* _Data section_:

━━━━━━━━━━━━━━━━━━━━━━━━━━━━━━

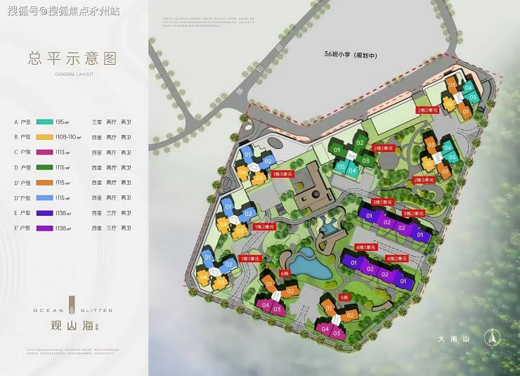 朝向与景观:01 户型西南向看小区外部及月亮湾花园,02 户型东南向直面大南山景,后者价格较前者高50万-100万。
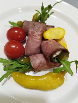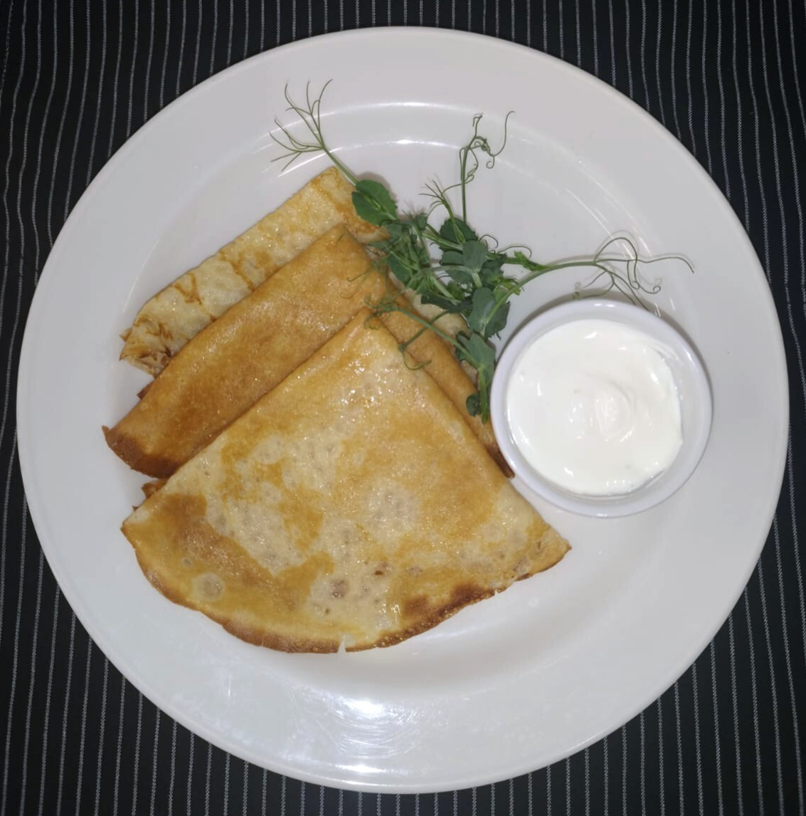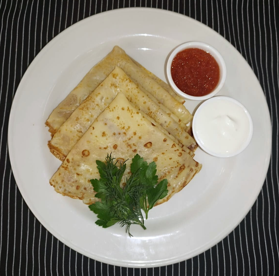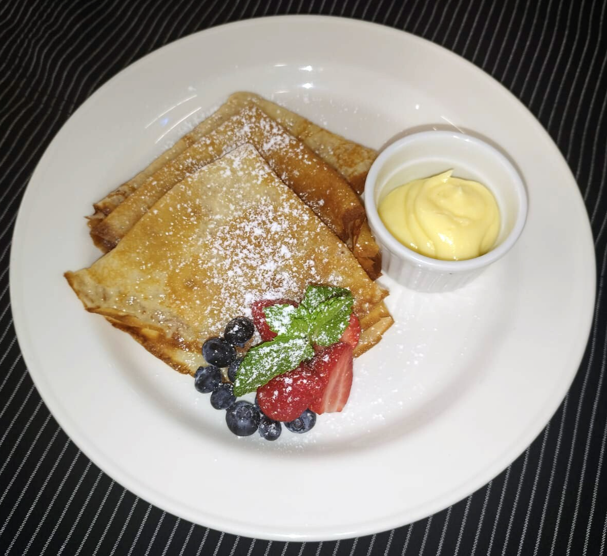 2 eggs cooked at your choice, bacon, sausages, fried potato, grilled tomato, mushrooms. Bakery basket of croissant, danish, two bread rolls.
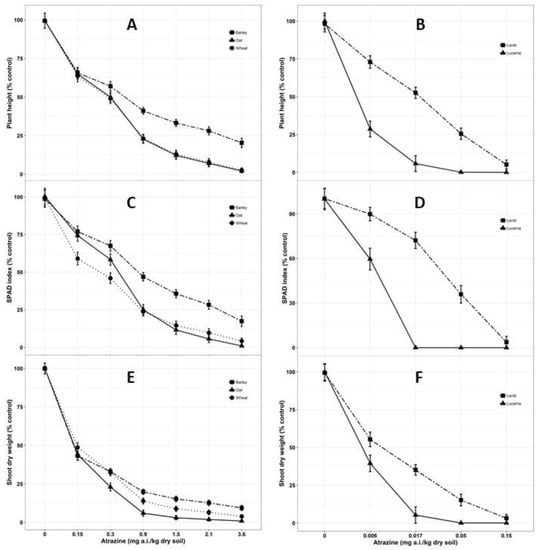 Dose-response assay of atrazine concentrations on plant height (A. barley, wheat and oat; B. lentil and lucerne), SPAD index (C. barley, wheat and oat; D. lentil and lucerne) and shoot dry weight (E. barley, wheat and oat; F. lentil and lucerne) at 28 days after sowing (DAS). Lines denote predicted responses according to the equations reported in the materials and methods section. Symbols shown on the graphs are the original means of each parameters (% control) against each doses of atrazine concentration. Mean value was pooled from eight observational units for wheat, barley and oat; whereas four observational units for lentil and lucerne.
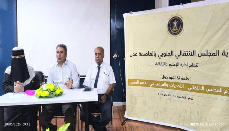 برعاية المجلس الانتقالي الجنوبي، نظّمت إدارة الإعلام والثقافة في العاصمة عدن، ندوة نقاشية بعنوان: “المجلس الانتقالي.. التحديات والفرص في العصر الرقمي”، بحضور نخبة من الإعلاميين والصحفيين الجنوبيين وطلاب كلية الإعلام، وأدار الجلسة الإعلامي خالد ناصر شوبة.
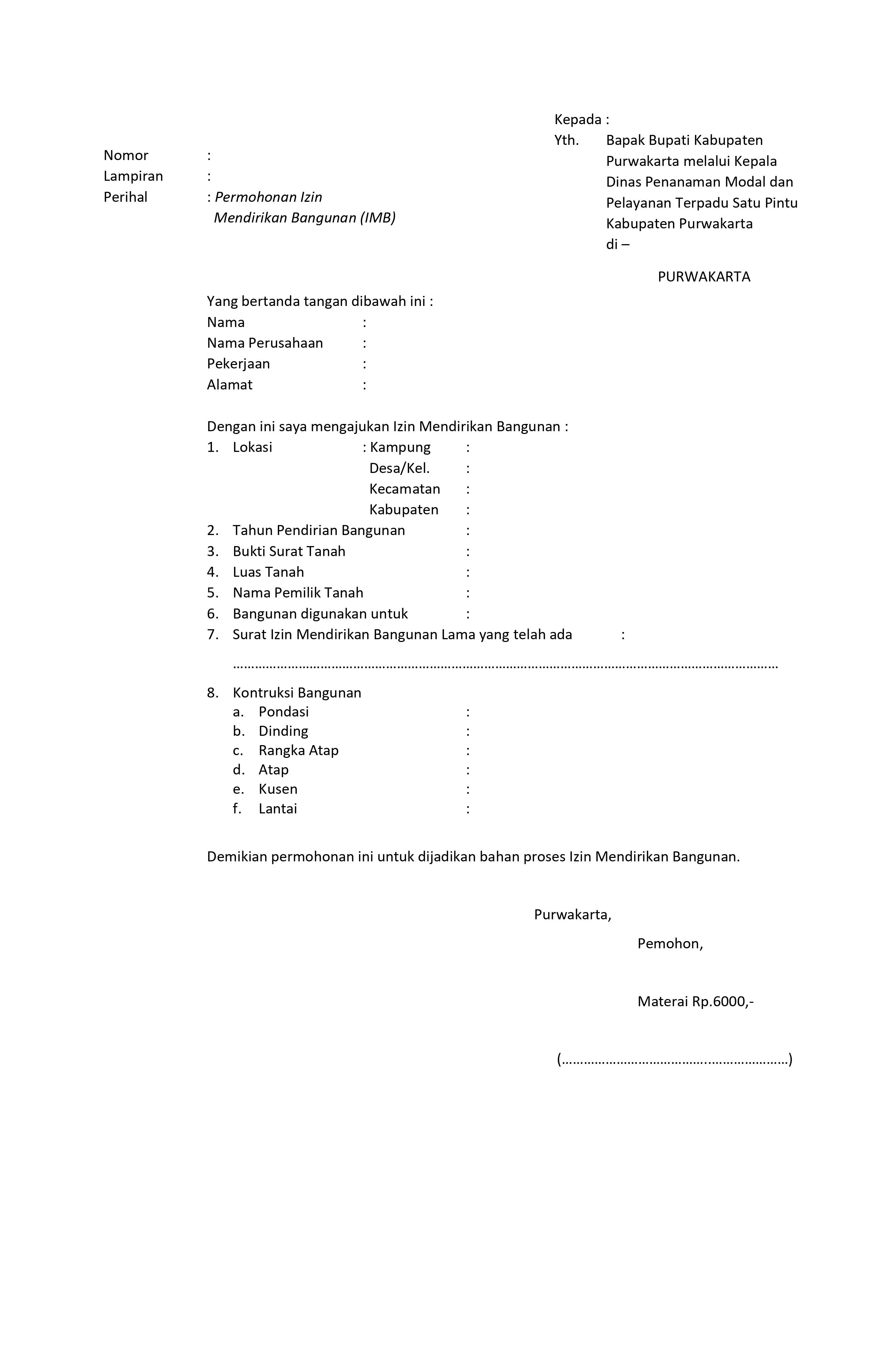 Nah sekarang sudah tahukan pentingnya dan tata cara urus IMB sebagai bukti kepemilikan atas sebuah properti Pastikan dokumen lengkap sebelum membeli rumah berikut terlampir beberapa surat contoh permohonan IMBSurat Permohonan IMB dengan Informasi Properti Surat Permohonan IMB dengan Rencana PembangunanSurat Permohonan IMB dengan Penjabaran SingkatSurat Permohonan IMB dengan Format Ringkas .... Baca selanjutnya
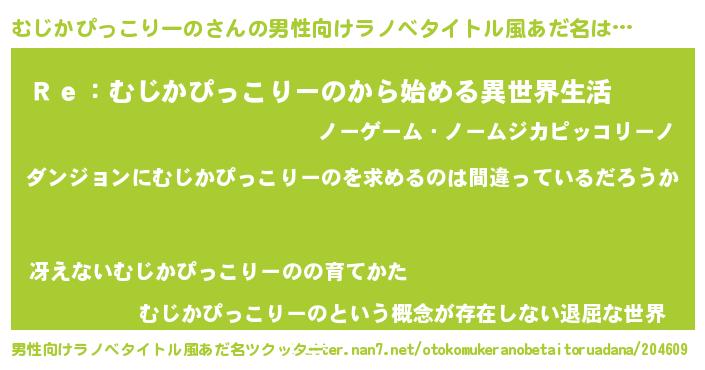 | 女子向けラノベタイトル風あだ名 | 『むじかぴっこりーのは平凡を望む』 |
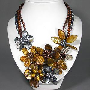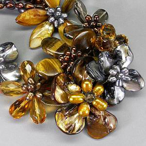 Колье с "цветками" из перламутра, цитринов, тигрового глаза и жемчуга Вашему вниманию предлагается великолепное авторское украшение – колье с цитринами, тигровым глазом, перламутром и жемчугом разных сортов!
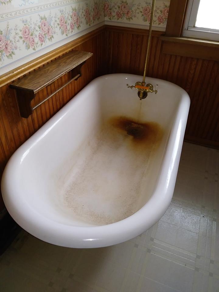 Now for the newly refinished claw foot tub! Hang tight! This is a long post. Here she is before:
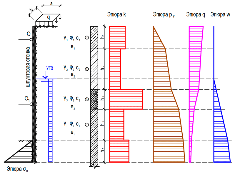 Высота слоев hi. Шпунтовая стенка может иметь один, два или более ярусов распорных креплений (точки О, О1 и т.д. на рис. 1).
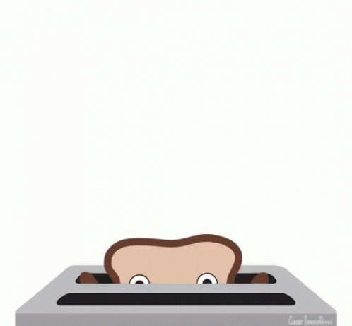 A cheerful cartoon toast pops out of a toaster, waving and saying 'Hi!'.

━━━━━━━━━━━━━━━━━━━━━━━━━━━━━━

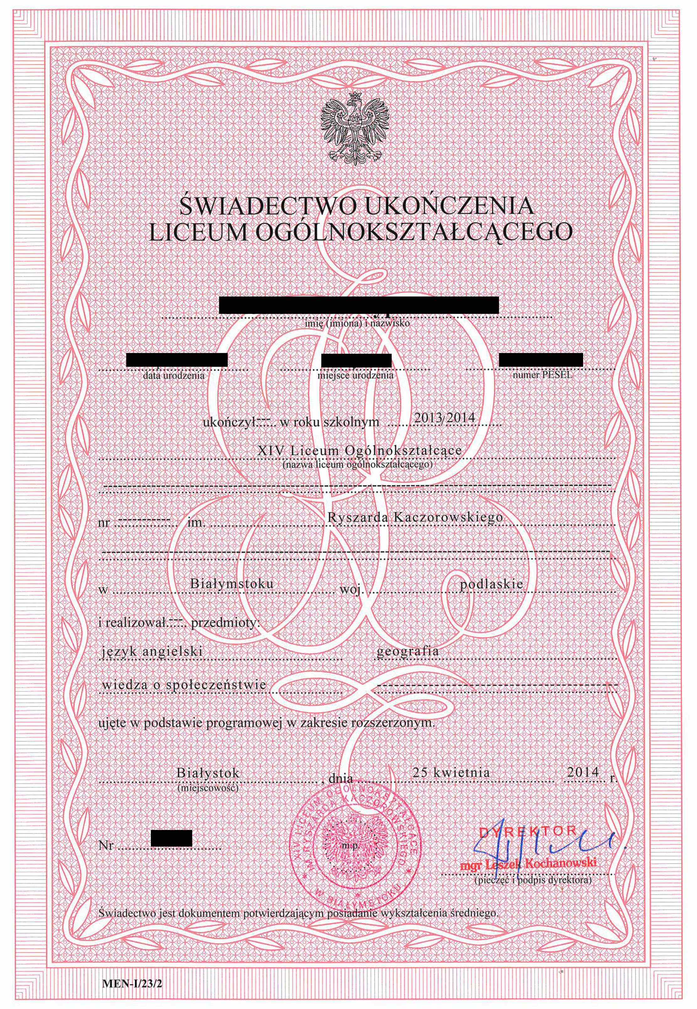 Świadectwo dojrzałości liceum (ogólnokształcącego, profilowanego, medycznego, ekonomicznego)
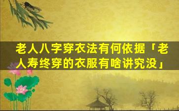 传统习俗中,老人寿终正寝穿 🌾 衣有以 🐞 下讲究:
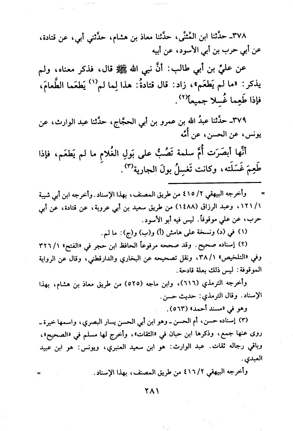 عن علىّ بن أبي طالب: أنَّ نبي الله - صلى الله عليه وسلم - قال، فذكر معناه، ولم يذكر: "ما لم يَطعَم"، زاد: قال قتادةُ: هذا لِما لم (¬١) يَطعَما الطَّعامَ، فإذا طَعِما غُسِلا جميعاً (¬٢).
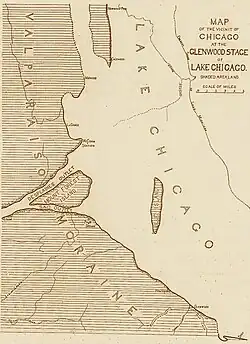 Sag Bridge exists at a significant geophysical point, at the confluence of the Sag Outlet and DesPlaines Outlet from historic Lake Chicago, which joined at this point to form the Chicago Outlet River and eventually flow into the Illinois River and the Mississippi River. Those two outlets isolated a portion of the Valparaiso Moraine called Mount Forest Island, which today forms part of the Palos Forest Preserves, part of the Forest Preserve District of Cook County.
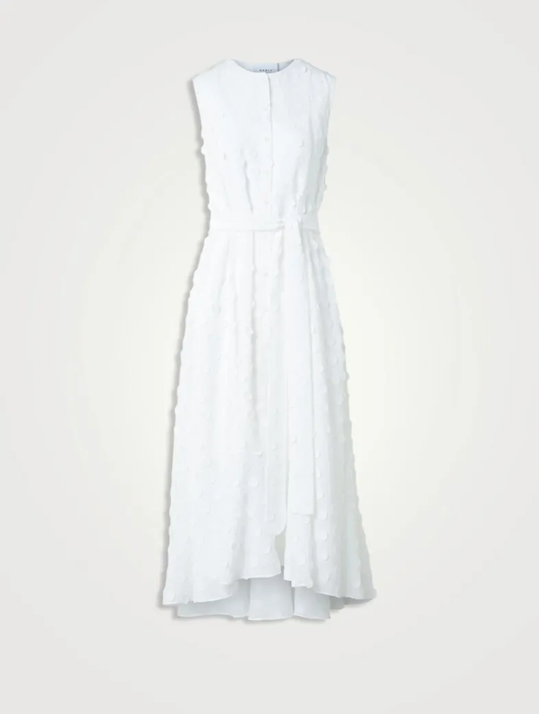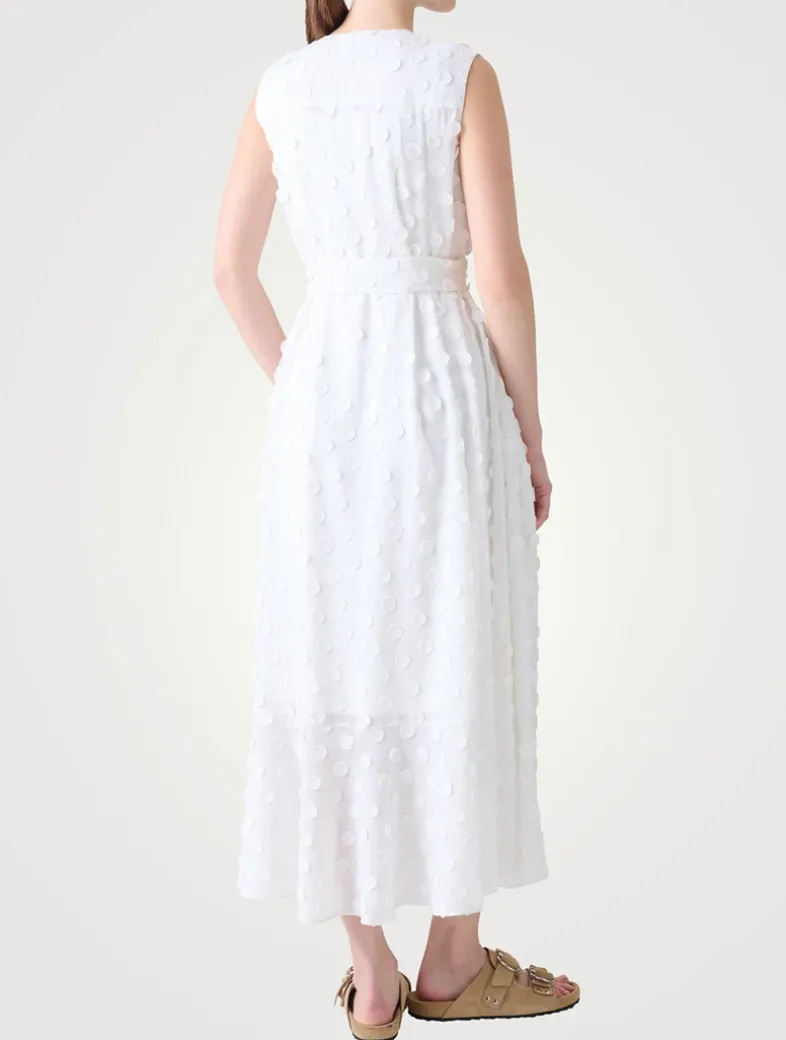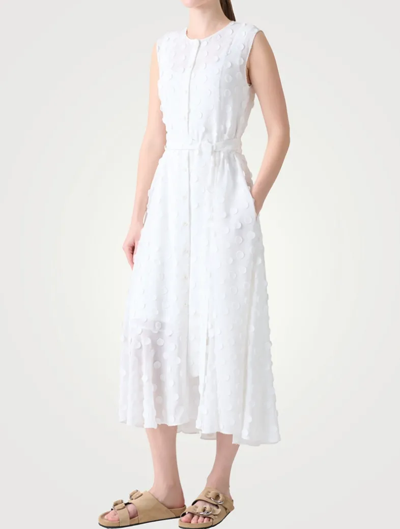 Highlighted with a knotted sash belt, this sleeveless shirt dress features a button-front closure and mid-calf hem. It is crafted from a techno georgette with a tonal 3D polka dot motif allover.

━━━━━━━━━━━━━━━━━━━━━━━━━━━━━━

* _What the exercise asks_: The lines to copy exactly start with the line above that has "朝向与景观:01 户型西南向看小区外部及月亮湾花园,02 户型东南向直面大南山景,后者价格较前者高50万-100万。" and go on through the line that has "2 eggs cooked"; please include both, add nothing else, and omit the pictures.

* _Task answer_:
 朝向与景观:01 户型西南向看小区外部及月亮湾花园,02 户型东南向直面大南山景,后者价格较前者高50万-100万。
 2 eggs cooked at your choice, bacon, sausages, fried potato, grilled tomato, mushrooms. Bakery basket of croissant, danish, two bread rolls.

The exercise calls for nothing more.